Emily didn’t say anything more as he leaned forward, kissed her, and left on his errands. Instead she sat quietly, thinking furiously. Ian was a good man. Too good, perhaps. His sense of honor wouldn’t let him seek revenge against Erik Muller-not even after the man had killed his best friend. She wiped away tears that rose unbidden as she remembered Sam
Knowles’s always cheerful, ever-irreverent face.
At last, Emily shook her head and picked up the last remaining copy of the videotape. She couldn’t let Muller’s treachery pass unpunished.
She opened the phone book. Another of Johannesburg’s many messenger services would soon be delivering a sealed package to the Ministry of
Law and Order.
CHAPTER 18
End and Beginning
OCTOBER 27-DIRECTORATE OF MILITARY INTELLIGENCE, SPECIAL SECURITY OPERATIONS BRANCH, PRETORIA
Even with the air-conditioning off, the office felt cold. Erik Muller stared in disbelief at the police report sitting faceup on his desk. A combination of forensic medicine and dogged detective work had finally identified the dead man found in the bomb-mangled Mercedes.
Samuel Knowles. Age: thirty-seven. Citizenship: American. Profession:
television news cameraman.
My God. The very magnitude of the disaster was stunning. It couldn’t possibly be any worse. He’d given the ANC documents seized at Gawamba to
American journalists! And they’d already had them for nearly forty-eight hours-two precious, uninterrupted days to smuggle the information they contained out of South Africa.
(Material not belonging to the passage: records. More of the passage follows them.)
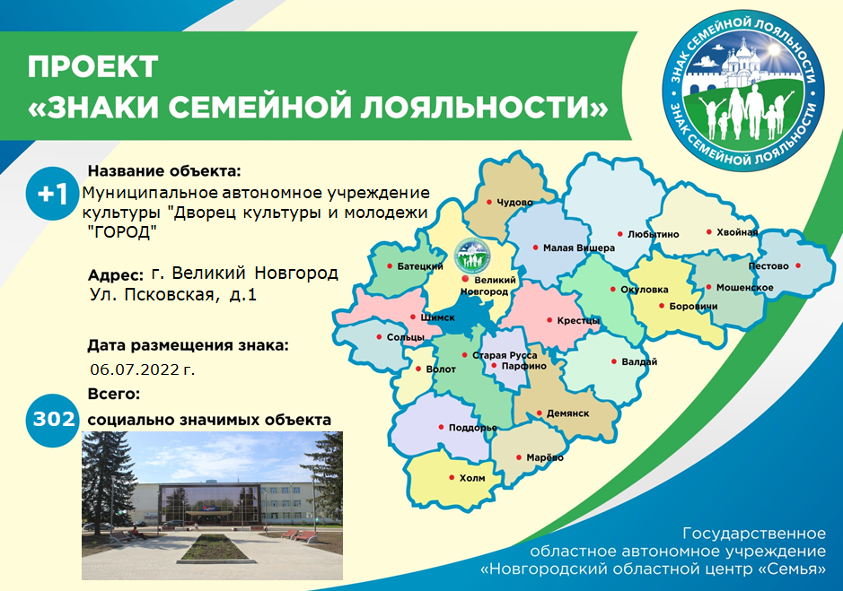 В Великом Новгороде в 2022 году «Знака семейной лояльности» удостоены 5 объектов, в число которых вошёл «Дворец культуры и молодежи «ГОРОД»👏🏻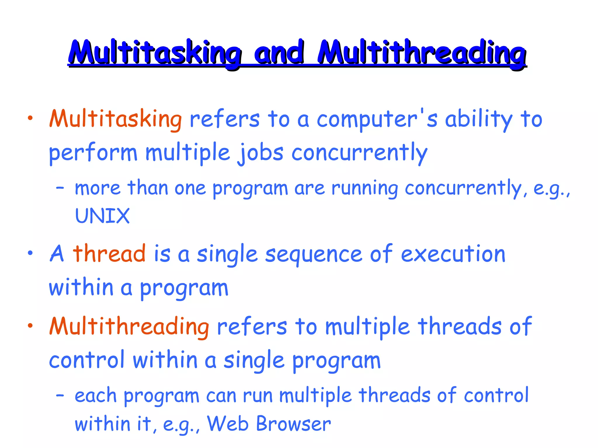 Threads allow programs to perform multiple tasks concurrently. A thread is a single sequence of execution within a program. Multithreading refers to multiple threads running within a single program. Threads share program resources but have their own call stack and local variables. Threads are created by extending the Thread class or implementing the Runnable interface. Synchronization is needed when multiple threads access shared resources concurrently to prevent race conditions. The wait() and notify() methods enable threads to cooperate by pausing and resuming execution.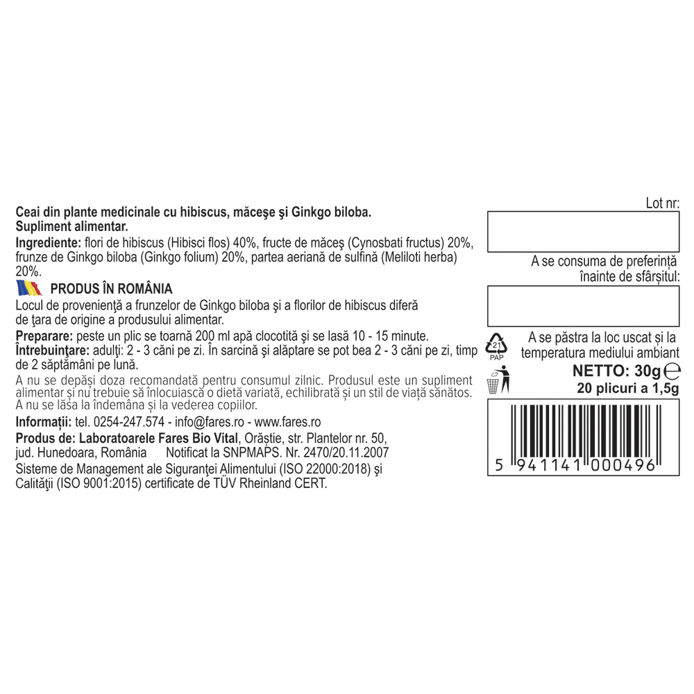 flori de hibiscus (Hibisci flos) 40%, fructe de măceș (Cynosbati fructus) 20%, frunze de Ginkgo biloba (Ginkgo folium) 20%, partea aeriană de sulfină (Meliloti herba) 20%

Disaster indeed. Even the country’s whites were growing increasingly dissatisfied and disenchanted with the Vorster government. A costly foreign war, bloody internal rioting,
and a moribund economy had all taken a heavy toll on Karl Vorster’s popularity. For the most part, though, the white opposition had been confined to isolated, angry muttering or an occasional ineffective and easily crushed student demonstration. But all that was bound to change when the true story of the Blue Train massacre broke overseas.
Muller smiled mirthlessly. Most Afrikaners and other white South Africans would forgive their self-appointed leaders almost any atrocity directed against blacks, coloreds, or Indians. Treachery and deceit aimed at fellow whites wouldn’t be so easily condoned or overlooked.
He pushed the police report to one side and started fumbling through the drawers of his desk. South Africa’s impending crisis didn’t concern him-but his own fate did. He’d better be several thousand miles beyond Vorster’s iron grasp when the American television network began broadcasting its story.
Muller spread an array of forged bank cards, passports, and traveler’s checks across the desktop-enough to sustain the three or four false identities he’d need to disappear completely. He shoveled them off the desk into his open briefcase. There wasn’t any point in dawdling. The first news of what he’d given those damned Americans would spread around the globe like wildfire.
He stood up, grabbed his jacket and briefcase, and strode briskly out into his outer office.
Red-haired Irene Roussouw looked up in surprise from her Dictaphone.
Muller patted his briefcase.
“I’m taking the rest of the day off, Miss
Roussouw. I have some personal business to take care of. Tell the garage to have my car ready.”
He turned away without waiting for her acknowledgment. If he hurried, he could just make the afternoon flight to London. And by dawn the next day, he’d have vanished somewhere into one of Europe’s crowded cities.
Wrapped up in his own thoughts, he missed Irene Roussouw’s reluctant, uncertain reach for her telephone.
Muller took the steps down to the Ministry’s garage two at a time. He was breathing easier already. Better to be a rich exile in Europe than a corpse in an unmarked grave in South Africa.
He was smiling when he emerged into the small underground garage reserved for the Ministry’s senior servants.